2. Iemand die in beroep gaat moet griffierecht betalen. Dit staat in artikel 8:41, eerste lid, van de Algemene wet bestuursrecht (Awb). In dit geval is het griffierecht € 47,-.
3. Als het griffierecht niet (op tijd) wordt betaald is de hoofdregel dat de rechtbank het beroep niet inhoudelijk mag behandelen. Soms is dat anders. Dan is er een geldige reden waarom het griffierecht niet door de rechtbank is ontvangen. Het gaat dan om omstandigheden waar eiser niets aan kan doen.
4. De rechtbank heeft eiser op 6 februari 2020 een aangetekende brief gestuurd, waarin staat dat eiser het griffierecht binnen vier weken moet betalen aan de rechtbank.
5. De rechtbank heeft het bedrag niet ontvangen. Eiser heeft daar geen geldige reden voor gegeven.
6. Het beroep zal niet inhoudelijk worden behandeld. Het beroep is kennelijk niet-ontvankelijk (artikel 8:54 Awb).
7. Van een vergoeding van de proceskosten is geen sprake.

Beslissing

De rechtbank verklaart het beroep niet-ontvankelijk.
Deze uitspraak is gedaan door mr.

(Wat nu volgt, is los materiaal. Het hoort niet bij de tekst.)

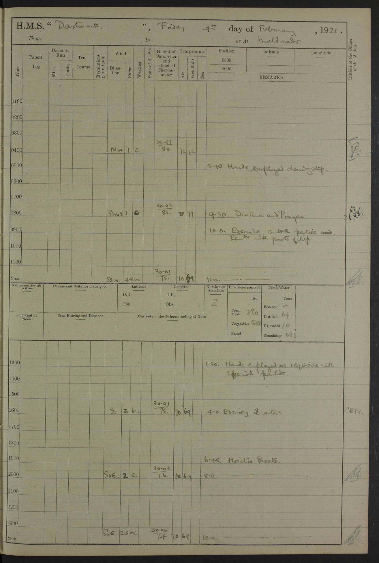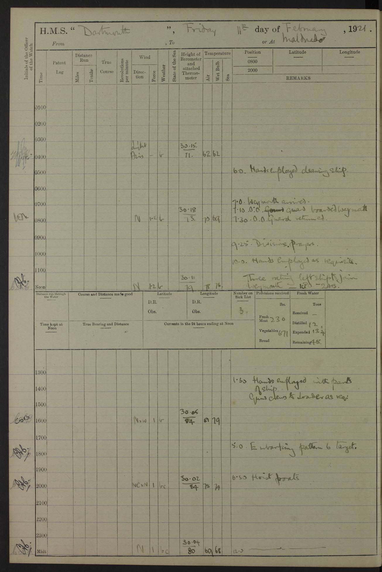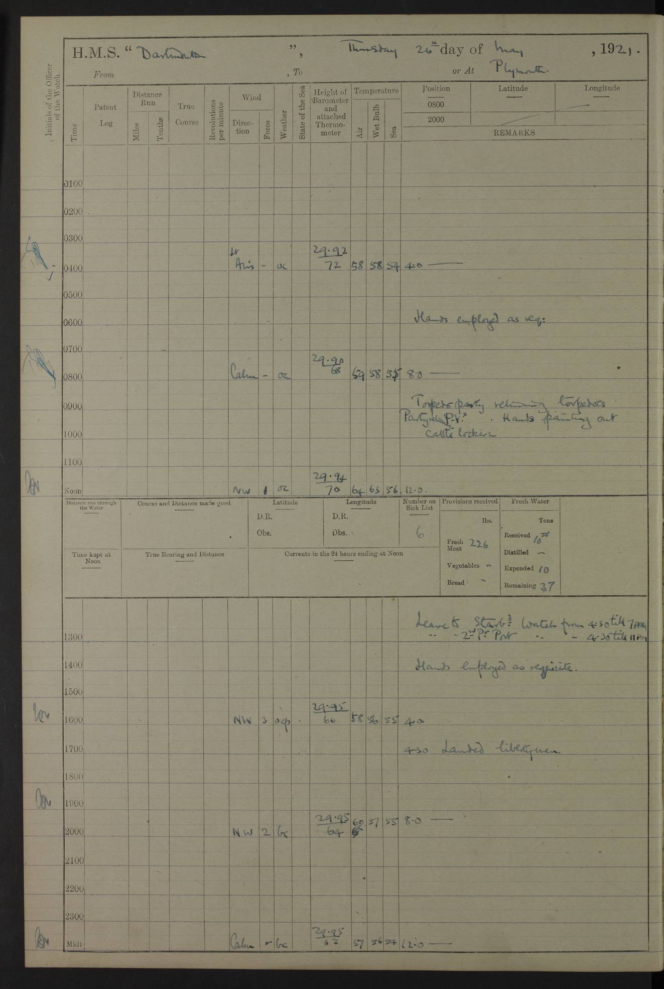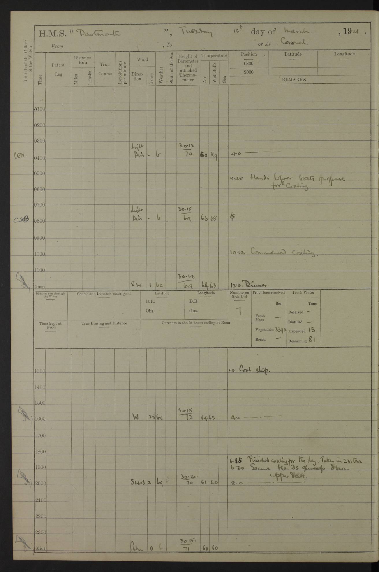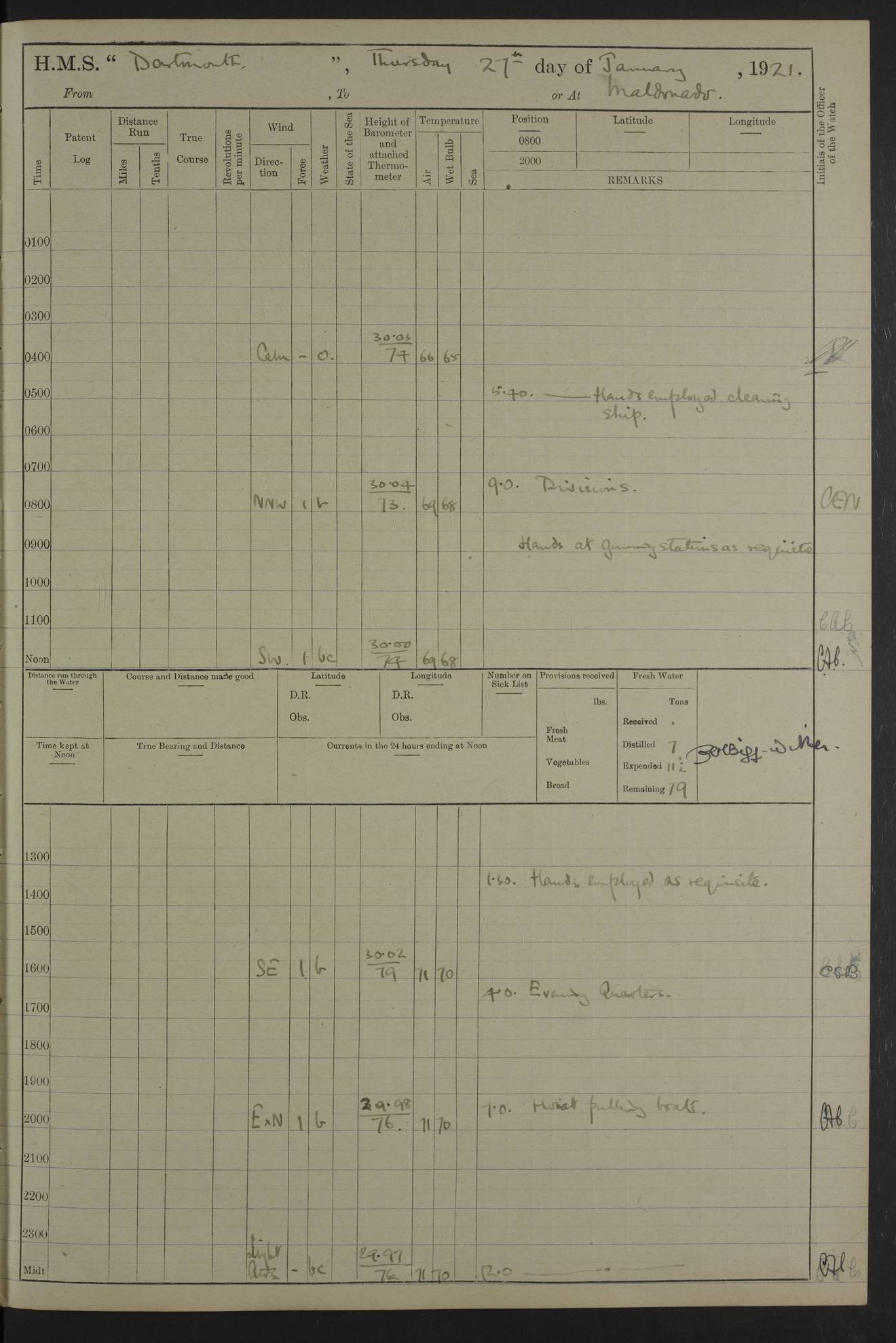 LOGS FOR APRIL 1919 4caf8619cadfd34197013b9a: (http://oldweather.s3.amazonaws.com/ADM53-39518/ADM 53-39518-001_0.jpg) 4caf8619cadfd34197013b9b: (http://oldweather.s3.amazonaws.com/ADM53-39518/ADM 53-39518-001_1.jpg) 4caf8619cadfd34197013b9c: (http://oldweather.s3.amazonaws.com/ADM53-39518/ADM 53-39518-002_0.jpg) 4caf8619cadfd34197013b9d: (http://oldweather.s3.amazonaws.com/ADM53-39518/ADM 53-39518-002_1.jpg) 4caf8619cadfd34197013b9e: (http://oldweather.s3.amazonaws.com/ADM53-39518/ADM 53-39518-003_0.jpg) 4caf8619cadfd34197013b9f: (http://oldweather.s3.amazonaws.com/ADM53-39518/ADM 53-39518-003_1.jpg) 24 April 1919 Gibraltar Lat 36.140, Long -5.365 9.00am: Captain H.W.W. Hope C.B., D.S.O., R.N. commissioned ship for service on South American Station 11.00am: Hands provisioning ship 3.50pm: Lost by accident: 5½ pints Rum whilst transporting ullage cask Number on sick list 1 [Captain Hope seems to have commanded HMS Repulse in 1925. From there he wrote ‘Orders for Officers of Watches’, a copy of which is in the New South Wales archives. He became an Admiral and died in Wales in 1966.] 4caf8619cadfd34197013ba0: (http://oldweather.s3.amazonaws.com/ADM53-39518/ADM 53-39518-004_0.jpg) 25 April 1919 Gibraltar Lat 36.140, Long -5.365 8.10am: “Dartmouth's” crew transferred from “Glasgow” to “Dartmouth”. “Dartmouth’s” care & maintenance party transferred to “Cormorant”. Hands stowing bags & hammocks 11.00am: Read stations for and exercised Fire Quarters 1.50pm: Hands cleaning ship 5.30pm: Discharged 1 Private, Royal Marine Light Infantry, to “Cormorant”. 1 Private, Royal Marine Light Infantry, joined ship from “Cormorant” Number on sick list 1 [HMS “Glasgow” was a cruiser of 4800 tons, launched in 1909 at Fairfield’s yard at Govan on the Clyde. She was sold in 1927 and is part of the Old Weather fleet. HMS “Cormorant” was a sloop of 1150 tons, launched in 1877 at Chatham Dockyard. She had a wooden hull on an iron frame and became a ‘receiving ship’ at Gibraltar in 1889 where unassigned sailors could be accommodated. She was scrapped in 1949.] 4caf8619cadfd34197013ba1: (http://oldweather.s3.amazonaws.com/ADM53-39518/ADM 53-39518-004_1.jpg) 26 April 1919 Gibraltar Lat 36.1275, Long -5.3545 7.20am: Tugs came alongside 8.20am: Ship berthed in no 3 berth 9.20am: Hands cleaning ship’s bottom & drawing new awnings 11.00am: Carried out tilt test for director 1.00pm: Hands make & mend clothes. Leave to the watch from 1.30pm to 7am 5.00pm: Landed funeral party 8.20pm: Funeral party returned Number on sick list 2 4caf8619cadfd34197013ba2: (http://oldweather.s3.amazonaws.com/ADM53-39518/ADM 53-39518-005_0.jpg) 27 April 1919 Gibraltar Lat 36.1275, Long -5.3545 8.15am: Landed Roman Catholic Church Party 9.35am: Landed Non-Conformist Church Parties 10.30am: Carried out tilt test 1.00pm: Gave leave to watch from 1.30pm to 7am 4.30pm: Discharged 2 Engine Room Artificers & 1 Chief Stoker to “Anenome” 7.00pm: Boys returned on board [HMS “Anenome” was a sloop of 1200 tons, launched in 1915 by Swan Hunter and finally sold in 1922.] 4caf8619cadfd34197013ba3: (http://oldweather.s3.amazonaws.com/ADM53-39518/ADM 53-39518-005_1.jpg) 28 April 1919 Gibraltar Lat 36.13, Long -5.36 7.30am: Landed working party to transfer stores from “Glasgow” to victualling yard 8.45am: Undocked ship. Berthed alongside South Mole 11.20am: Commenced coaling (native labour). Signalmen & Bosun’s party rigging dressing lines. Party clearing sailroom 7.00pm: Brazilian light cruiser “Bahia” & 3 destroyers sailed 11.00pm: Finished coaling [“Bahia”, a cruiser of ~3,400 tons, was launched in 1909 by Armstrong Whitworth. She was sunk by an explosion in 1945 with the loss of most of her crew.] 4caf8619cadfd34197013ba4: (http://oldweather.s3.amazonaws.com/ADM53-39518/ADM 53-39518-005a_0.jpg) 29 April 1919 Gibraltar Lat 36.1300, Long -5.3555 8.10am: Tugs came alongside & shifted ship 8.25am: Secured alongside “Glasgow” at Main Wharf. Hands cleaning ship. Director party carrying out tests 10.00am: Took in lubricating oil. Parties stowing ship 11.00am: Discharged 1 Engine Room Artificer to “Cyclamen” 1.00pm: Gave leave to stokers of Port Watch, 1.30pm till 7am. Hands employed spreading Forecastle & Aft Deck awnings 3.40pm: Furled forecastle awnings 5.00pm: Gave leave to watch till 7am [HMS “Cyclamen” was a sloop, launched in 1916 by Lobnitz & Co, Renfrew. She was sold in 1932. She is part of the Old Weather fleet.] 4caf8619cadfd34197013ba5: (http://oldweather.s3.amazonaws.com/ADM53-39518/ADM 53-39518-005a_1.jpg) 30 April 1919 Gibraltar Lat 36.1300, Long -5.3555 8.30am: Hands painting ship 11.00am: Commenced basin trial 11.45am: Finished basin trial (satisfactory) [Captain continuing rota of local leave.] LOGS FOR MAY 1919 4caf8619cadfd34197013ba6: (http://oldweather.s3.amazonaws.com/ADM53-39518/ADM 53-39518-006_0.jpg) 1 May 1919 Gibraltar Lat 36.1300, Long -5.3555 8.30am: Hands painting ship, getting accommodation ladder from dockyard & taking in canteen stores 1.30pm: Port watch getting in provisions & stationery 4caf8619cadfd34197013ba7: (http://oldweather.s3.amazonaws.com/ADM53-39518/ADM 53-39518-006_1.jpg) 2 May 1919 Gibraltar Lat 36.1300, Long -5.3555 7.40am: Ammunition lighter came alongside 8.05am: Hands ammunitioning ship 4.30pm: Lost overboard by accident: 1 box fuzes 5.15pm: Party drawing & stowing kedge anchor 5.30pm: Read warrant no 1 4caf8619cadfd34197013ba8: (http://oldweather.s3.amazonaws.com/ADM53-39518/ADM 53-39518-007_0.jpg) 3 May 1919 Gibraltar Lat 36.1300, Long -5.3555 5.40am: Hands striking down ammunition 7.40am: Hands striking down ammunition & fuzing Lyddite 8.00am: Divers down for box of fuzes 9.30am: Recovered box of fuzes 1.00pm: Hands make & mend clothes Number on sick list 2 4caf8619cadfd34197013ba9: (http://oldweather.s3.amazonaws.com/ADM53-39518/ADM 53-39518-007_1.jpg) 4 May 1919 Gibraltar Lat 36.1300, Long -5.3555 8.10am: Landed Roman Catholic

R.C. Stijnen, rechter, in aanwezigheid van
O. Asafiati, griffier, op 8 mei 2020. Als gevolg van maatregelen rondom het Coronavirus is deze uitspraak niet uitgesproken op een openbare uitsprakenzitting. Zodra het openbaar uitspreken weer mogelijk is, wordt deze uitspraak alsnog in het openbaar uitgesproken.
griffier rechter
Afschrift verzonden aan partijen op:

Bent u het niet eens met deze uitspraak?

Als u het niet eens bent met deze uitspraak kunt u een brief sturen naar de rechtbank waarin u uitlegt waarom u het er niet mee eens bent. Dit heet een verzetschrift. U moet dit verzetschrift indienen binnen 6 weken na de dag waarop deze uitspraak is verzonden. U ziet deze datum op de stempel die hierboven staat. Als u graag een zitting wilt waarbij u persoonlijk uw mening aan de rechter kunt geven, kunt u dit in uw verzetschrift aangeven.